Dataflows Gen2 data destinations and managed setti...

mideboer · ‎02-22-2024

We are very excited to announce a lot of new improvements to data destinations in Dataflows Gen2. Here is an overview of the new improvements and how to get started.

After you have cleaned and prepared your data with dataflows gen 2, you want to land your data into a destination. This is possible with the data destination capabilities in dataflows gen 2. With this capability you can pick from different destinations, like Azure SQL, Fabric Lakehouse and many more. Dataflows gen2 will write your data to the destination, and from there you can use your data for further analysis and reporting.

Supported data destinations.

Azure SQL databases
Azure data explorer (Kusto)
Fabric Lakehoue
Fabric Warehouse
Fabric KQL database

Entry points

Every data query in your Dataflow Gen2 can have a data destination.
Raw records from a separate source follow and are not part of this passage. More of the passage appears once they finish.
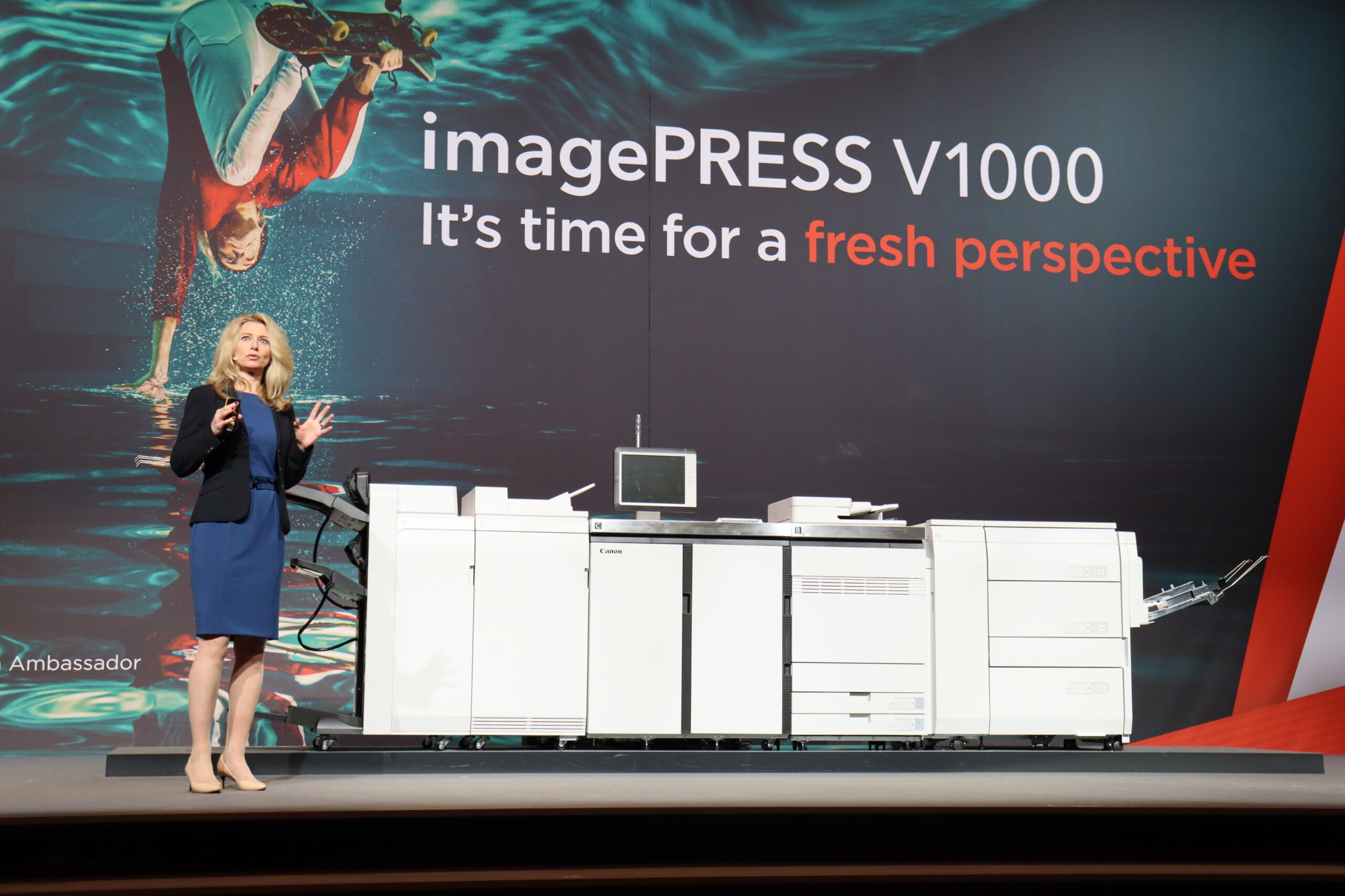 Canons Jennifer Kolloczek, Senior Marketing and Innovation Manager i Europa, holdt hovedtalen før maskinens premiere. Foto af Claes Nordström
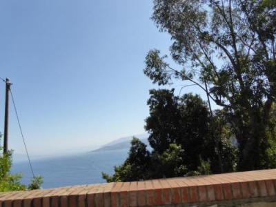 360度のパノラマで、南は断崖絶壁、北東にはアマルフィ半島、北には優美な姿のヴェスビオ火山、西にはイスキア島。
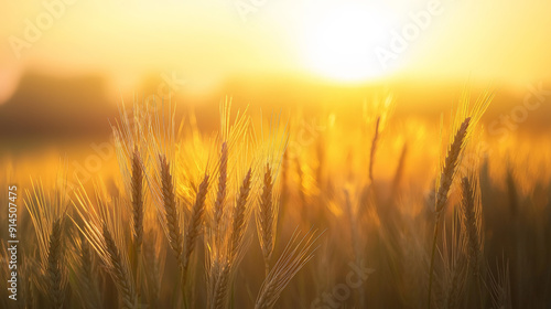 © Sascha, Obraz premium Golden Horizon: Wheat Fields at Dusk. Generative AI
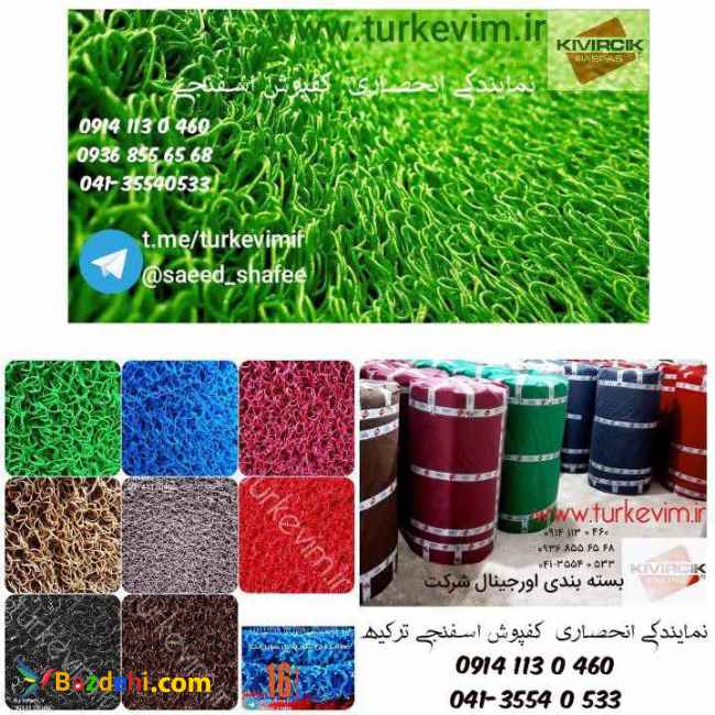 این محصول چند منظوره سری جدید سوپرمت تولید کارخانه kivircik ترکیه میباشد که توسط نمایندگی انحصاری تورک اویم، مستقیم و بدون واسطه با قیمت درب کارخانه در سراسر کشور توزیع میگردد ابعاد رول کامل:به عرض یک متر و طول ۱۶متر و تراکم بالا با ضخامت 16 میل با برگه و برچسب اصالت کالا. قابلیت برش در سایز و شکل دلخواه بدون از دست رفتن بافت و استحکام محصول تنوع رنگ: سبز،آبی،قهوه ای،کرم،زرشکی،قرمز،مشکی ،طوسی موارد استفاده:جلوی درب اماکن ،روی پله ها،کف فضاهای دارای احتمال لغزندگی،راهروها،لابی اماکن،کف آسانسور ،کف پاگرد ،دور استخر،سرویس بهداشتی،کف تراس ،فضاهای ورزشی و تفریحی،فرش تشریفات تالار،هتل،فرودگاه،رستوران،کافه تماس و سفارش: ارسال عمده وخرده سریع و مطمئن به سراسر کشور t.me/turkevimir : آدرس کانال تلگرام https://www.turkevim.ir : آدرس سایت ۰۴۱۳۵۵۴۰۵۳۳ - ۰۹۱۴۱۱۳۰۴۶۰ - ۰۹۳۶۸۵۵۶۵۶۸ آدرس دفتر مرکزی:تبریز-نبش بازار بزرگ تبریز-نمایندگی تورک اویم
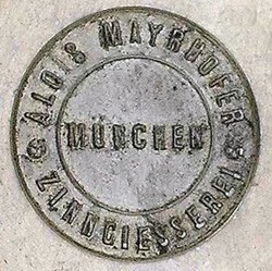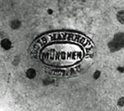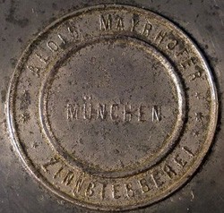 Cast pewterer's mark on underside of lid on the Thomas-Bräu brewery stein

Functions and list are not supported. You can specify the data destination for every query individually and you can use multiple different destinations within the dataflow.

There are 3 main entry-points to specify the data destination.

Through the top ribbon

Add_data_destination_entry_point_inside_of_the_Power_Query_ribbon

Select data destination from ribbon.

Through query settings

Add_Data_destination_entry_point_inside_of_the_applied_steps_section

Select data destination from query setting pane.

Through the diagram view

Add_data_destination_inside_of_the_query_node_of_the_diagram_view

Select data destination from diagram view.
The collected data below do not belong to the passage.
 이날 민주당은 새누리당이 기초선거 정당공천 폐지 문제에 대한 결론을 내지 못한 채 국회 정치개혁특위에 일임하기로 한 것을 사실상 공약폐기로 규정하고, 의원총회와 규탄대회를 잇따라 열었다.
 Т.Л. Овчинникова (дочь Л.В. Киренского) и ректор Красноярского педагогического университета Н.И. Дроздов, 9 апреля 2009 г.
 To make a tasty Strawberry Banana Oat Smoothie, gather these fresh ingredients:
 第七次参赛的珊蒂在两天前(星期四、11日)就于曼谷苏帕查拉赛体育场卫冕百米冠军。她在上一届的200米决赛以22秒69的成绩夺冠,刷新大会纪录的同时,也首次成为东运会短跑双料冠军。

Connect to the data destination

Connecting to the data destination is similar to connecting to a data source. Connections can be used for both reading and writing your data, given that you have the right permissions on the data source. You need to create a new connection or pick an existing connection and click next.

Connect_to_data_destination_dialog_when_connecting_to_a_lakehouse

Make a connection to the Fabric Lakehouse.
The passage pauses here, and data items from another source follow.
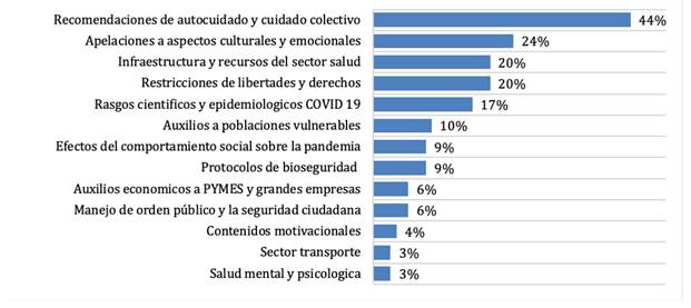 Ahora bien, al entrar a analizar los componentes de los mensajes se buscó determinar en primera instancia la composición de la agenda temática de la comunicación de gobierno orientada a la gestión de la pandemia (Gráfico 2).
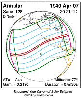 | 1940 Apr 07 | 20:21:21 | Annular | 128 | 0.939 | 07m30s | North America, Central America, n South America,
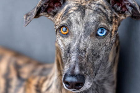 Elegant Greyhound with Striking Heterochromia Eyes Posing Gracefully Against a Soft Gray Background
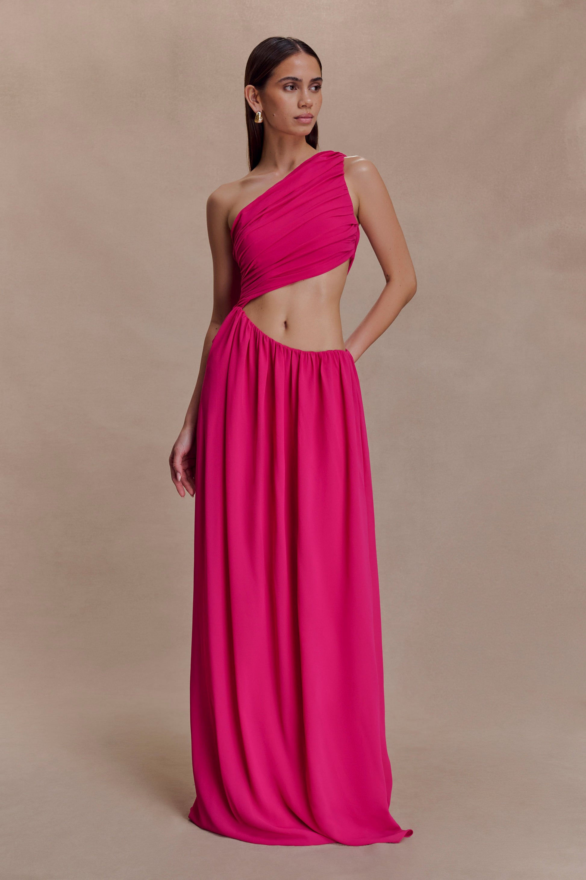 Chiffon Cut Out Maxi Dress - Fuchsia
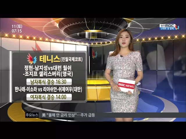 ◀앵 커▶ 다음은 주말의 경기 일정을 정지성 스포츠캐스터가 전해드립니다. //////////////////////////////////////////// (정지성) 광주유대회 종반을 달리고 있습니다. (vcr) 1) 내일은 리듬체조 요정 손연재 선수를 만나볼 수 있습니다. 내일 오후 두시부터 개인종합 예선이 시작됩니다. 손연재 선수는 후프와 볼 종목을...

Create a new table or pick an existing table

When loading into your data destination, you have the possibility to either create a new table or pick an existing table.

New table

When choosing to create a new table, during the dataflow gen 2 refresh, a new table will be created in your data destination. If the table gets deleted in the future by manually going into the destination, the dataflow will recreate the table on the next dataflow refresh.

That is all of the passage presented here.